TASK STATEMENT » Please give back the listing below word for word and drop any images.

INFORMATION SUPPLIED »
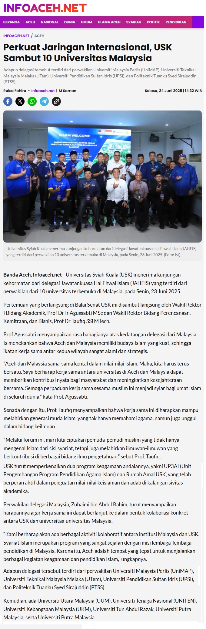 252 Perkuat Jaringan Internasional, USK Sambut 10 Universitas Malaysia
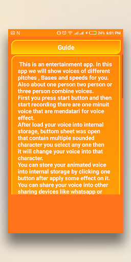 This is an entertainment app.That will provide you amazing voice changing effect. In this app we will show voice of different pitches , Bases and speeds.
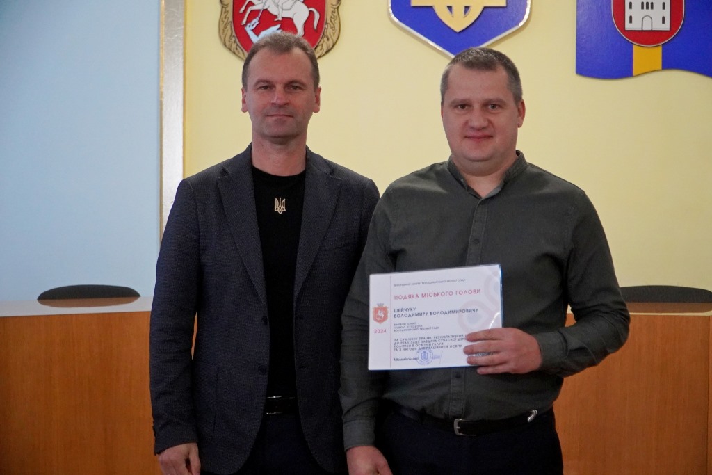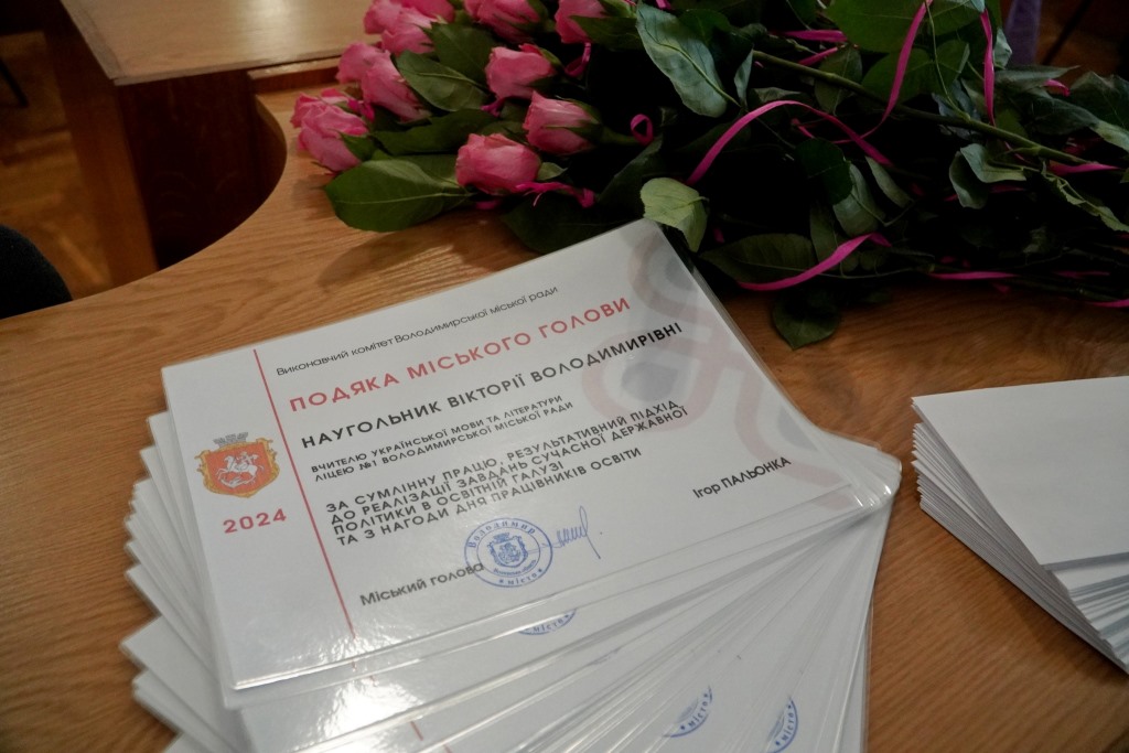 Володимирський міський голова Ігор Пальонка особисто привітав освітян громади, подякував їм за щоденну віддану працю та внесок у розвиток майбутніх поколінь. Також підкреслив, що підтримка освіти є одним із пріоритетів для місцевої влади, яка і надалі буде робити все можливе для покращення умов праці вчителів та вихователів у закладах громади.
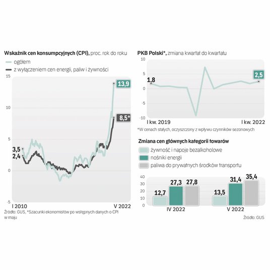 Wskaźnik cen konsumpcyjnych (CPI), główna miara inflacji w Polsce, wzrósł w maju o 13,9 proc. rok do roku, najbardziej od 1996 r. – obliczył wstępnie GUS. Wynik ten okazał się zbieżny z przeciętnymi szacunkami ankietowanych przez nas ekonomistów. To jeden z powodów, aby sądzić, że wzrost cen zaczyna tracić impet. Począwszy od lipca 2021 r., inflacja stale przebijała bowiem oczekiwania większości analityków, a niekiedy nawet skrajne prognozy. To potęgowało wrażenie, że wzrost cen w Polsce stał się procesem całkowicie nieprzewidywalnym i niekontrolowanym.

REPLY TO THE EXERCISE »
 252 Perkuat Jaringan Internasional, USK Sambut 10 Universitas Malaysia
 This is an entertainment app.That will provide you amazing voice changing effect. In this app we will show voice of different pitches , Bases and speeds.
 Володимирський міський голова Ігор Пальонка особисто привітав освітян громади, подякував їм за щоденну віддану працю та внесок у розвиток майбутніх поколінь. Також підкреслив, що підтримка освіти є одним із пріоритетів для місцевої влади, яка і надалі буде робити все можливе для покращення умов праці вчителів та вихователів у закладах громади.
 Wskaźnik cen konsumpcyjnych (CPI), główna miara inflacji w Polsce, wzrósł w maju o 13,9 proc. rok do roku, najbardziej od 1996 r. – obliczył wstępnie GUS. Wynik ten okazał się zbieżny z przeciętnymi szacunkami ankietowanych przez nas ekonomistów. To jeden z powodów, aby sądzić, że wzrost cen zaczyna tracić impet. Począwszy od lipca 2021 r., inflacja stale przebijała bowiem oczekiwania większości analityków, a niekiedy nawet skrajne prognozy. To potęgowało wrażenie, że wzrost cen w Polsce stał się procesem całkowicie nieprzewidywalnym i niekontrolowanym.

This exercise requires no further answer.